■ Exercise material
+ + + +

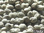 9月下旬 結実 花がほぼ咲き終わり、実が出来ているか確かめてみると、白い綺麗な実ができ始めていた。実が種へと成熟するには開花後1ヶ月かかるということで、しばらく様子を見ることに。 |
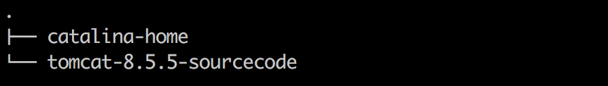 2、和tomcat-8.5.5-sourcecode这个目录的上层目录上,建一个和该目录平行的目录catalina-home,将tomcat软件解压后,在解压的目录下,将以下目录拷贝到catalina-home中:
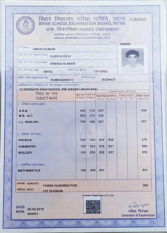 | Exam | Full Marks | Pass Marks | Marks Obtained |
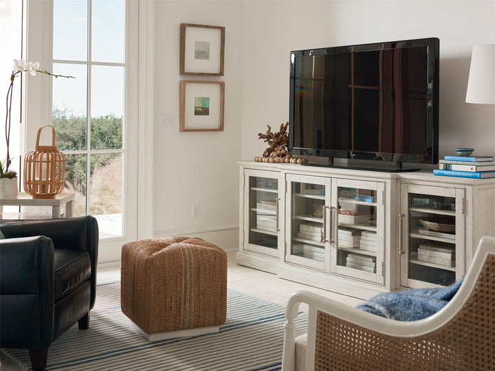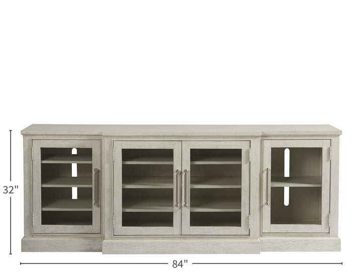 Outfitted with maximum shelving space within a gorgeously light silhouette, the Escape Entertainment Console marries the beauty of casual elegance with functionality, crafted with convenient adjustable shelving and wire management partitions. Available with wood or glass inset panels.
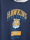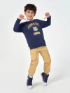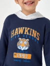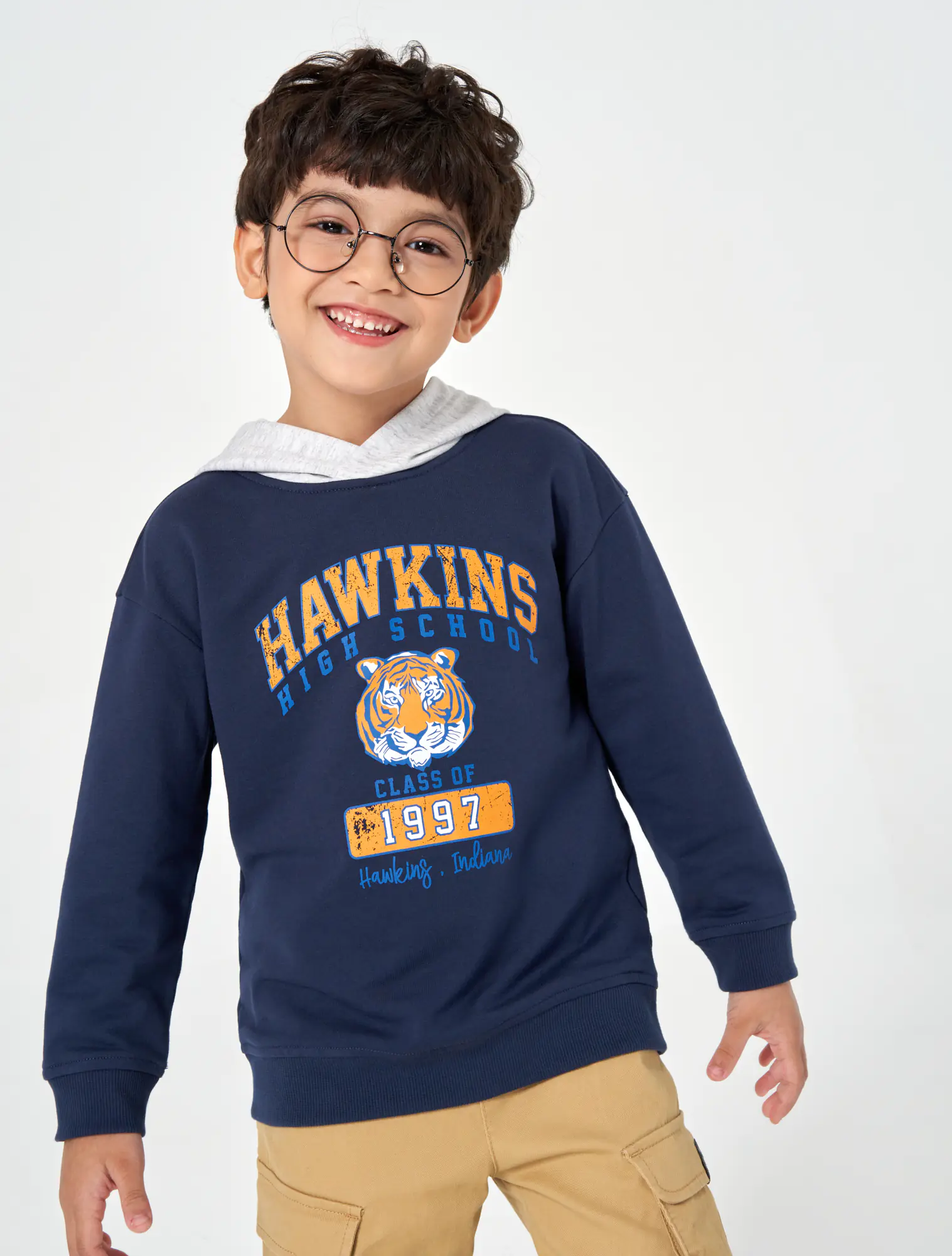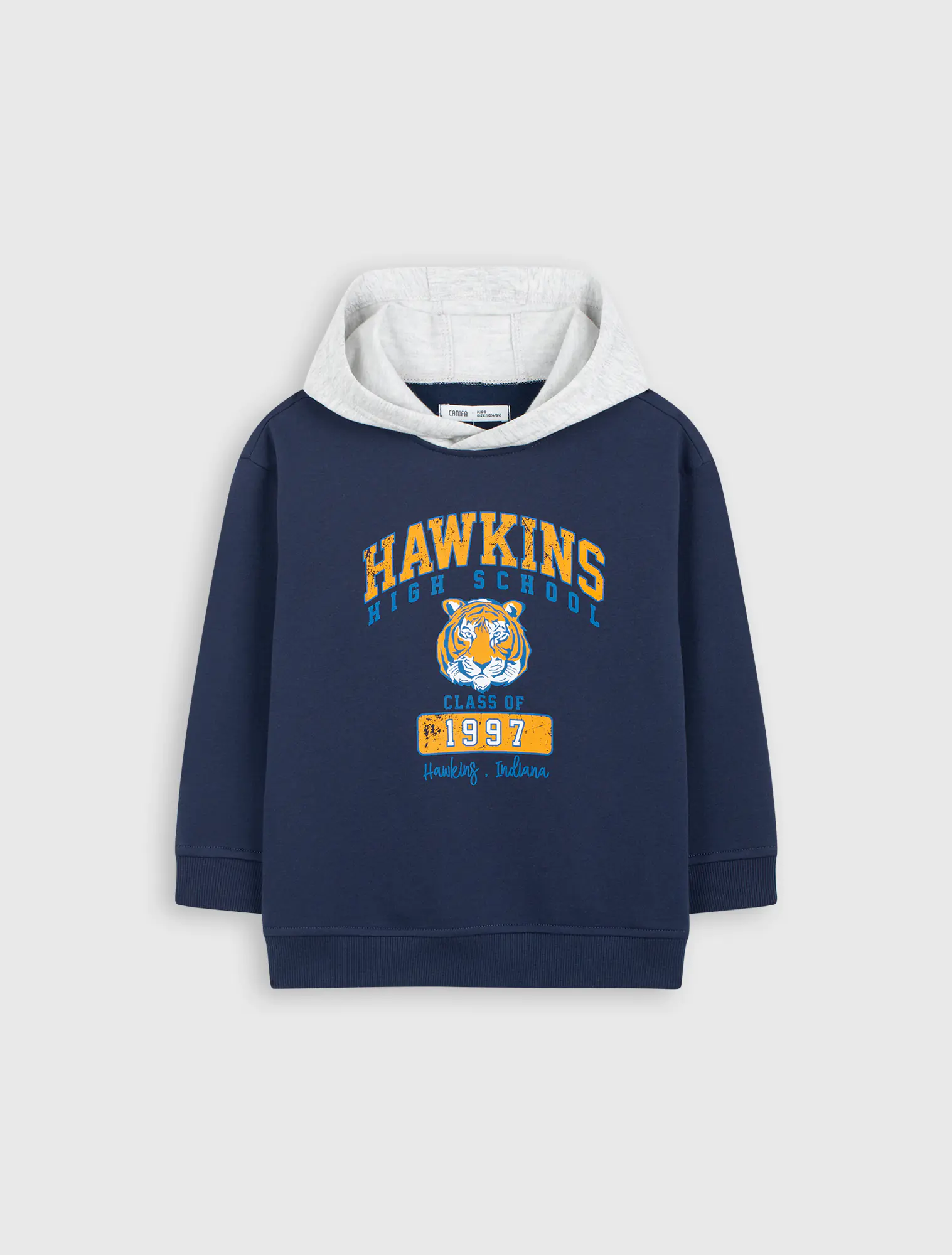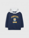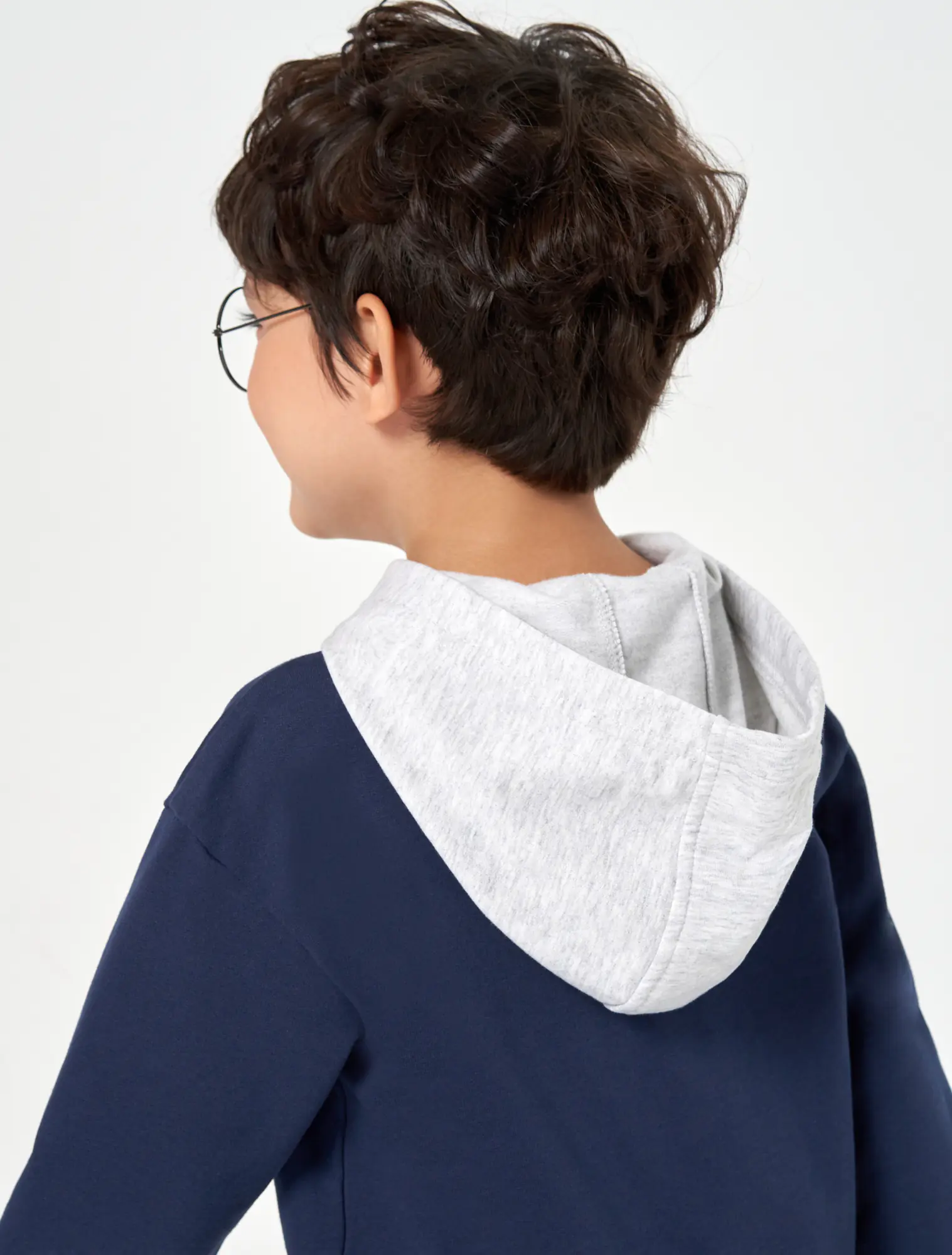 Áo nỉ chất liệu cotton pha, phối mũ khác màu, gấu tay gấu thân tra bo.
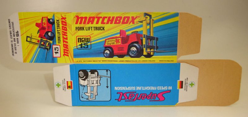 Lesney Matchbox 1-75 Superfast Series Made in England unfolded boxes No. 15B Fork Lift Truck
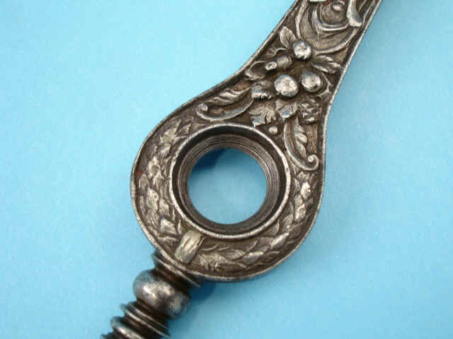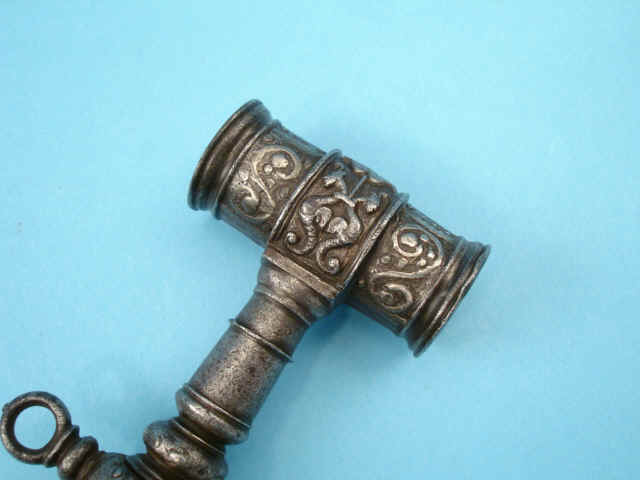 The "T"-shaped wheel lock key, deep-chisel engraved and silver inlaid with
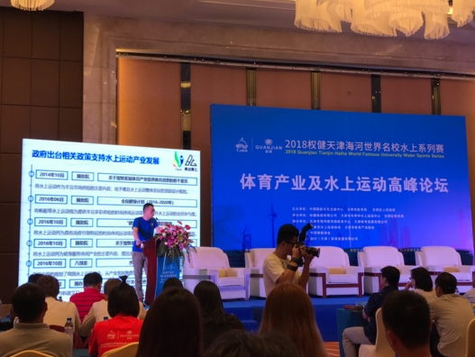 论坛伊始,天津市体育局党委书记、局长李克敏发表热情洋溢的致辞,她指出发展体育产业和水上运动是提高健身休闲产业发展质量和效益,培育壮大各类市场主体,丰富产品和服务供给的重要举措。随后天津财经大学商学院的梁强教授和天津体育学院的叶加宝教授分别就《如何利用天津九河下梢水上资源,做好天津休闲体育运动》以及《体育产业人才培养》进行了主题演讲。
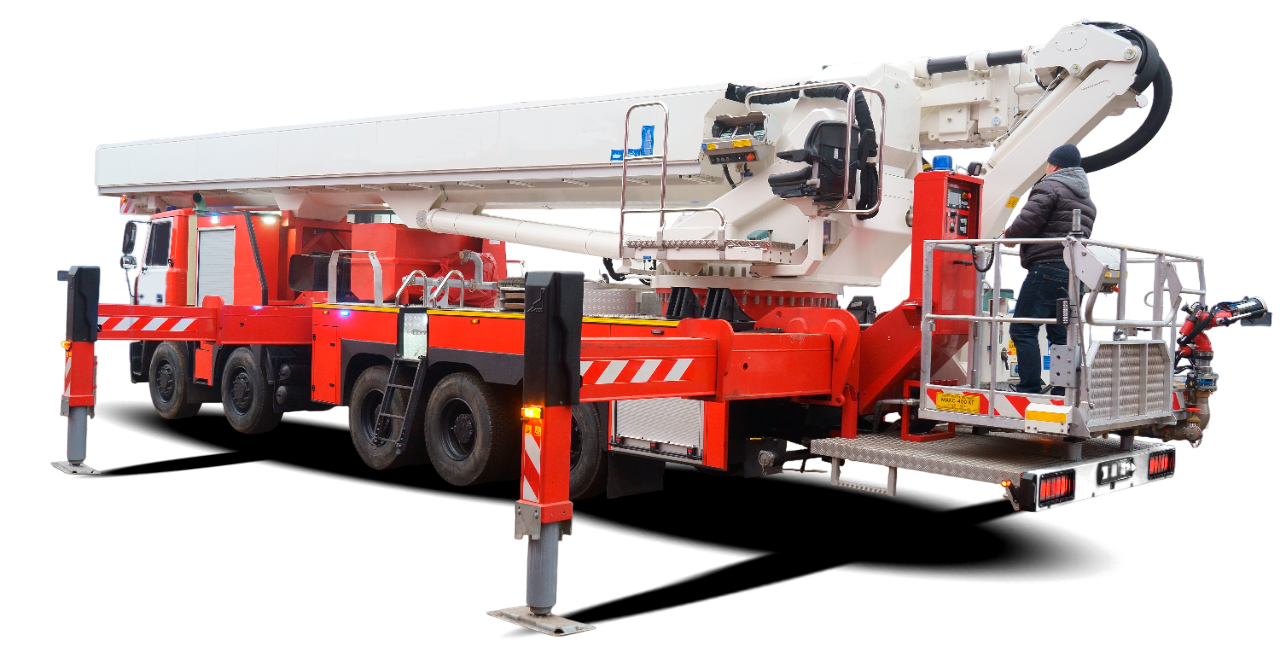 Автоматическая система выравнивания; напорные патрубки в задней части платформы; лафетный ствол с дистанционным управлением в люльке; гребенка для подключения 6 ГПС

+ + + +

■ What is required
Transcribe the records in full and exactly. Pictures stay out.

■ Output of the task
 9月下旬 結実 花がほぼ咲き終わり、実が出来ているか確かめてみると、白い綺麗な実ができ始めていた。実が種へと成熟するには開花後1ヶ月かかるということで、しばらく様子を見ることに。 |
 2、和tomcat-8.5.5-sourcecode这个目录的上层目录上,建一个和该目录平行的目录catalina-home,将tomcat软件解压后,在解压的目录下,将以下目录拷贝到catalina-home中:
 | Exam | Full Marks | Pass Marks | Marks Obtained |
 Outfitted with maximum shelving space within a gorgeously light silhouette, the Escape Entertainment Console marries the beauty of casual elegance with functionality, crafted with convenient adjustable shelving and wire management partitions. Available with wood or glass inset panels.
 Áo nỉ chất liệu cotton pha, phối mũ khác màu, gấu tay gấu thân tra bo.
 Lesney Matchbox 1-75 Superfast Series Made in England unfolded boxes No. 15B Fork Lift Truck
 The "T"-shaped wheel lock key, deep-chisel engraved and silver inlaid with
 论坛伊始,天津市体育局党委书记、局长李克敏发表热情洋溢的致辞,她指出发展体育产业和水上运动是提高健身休闲产业发展质量和效益,培育壮大各类市场主体,丰富产品和服务供给的重要举措。随后天津财经大学商学院的梁强教授和天津体育学院的叶加宝教授分别就《如何利用天津九河下梢水上资源,做好天津休闲体育运动》以及《体育产业人才培养》进行了主题演讲。
 Автоматическая система выравнивания; напорные патрубки в задней части платформы; лафетный ствол с дистанционным управлением в люльке; гребенка для подключения 6 ГПС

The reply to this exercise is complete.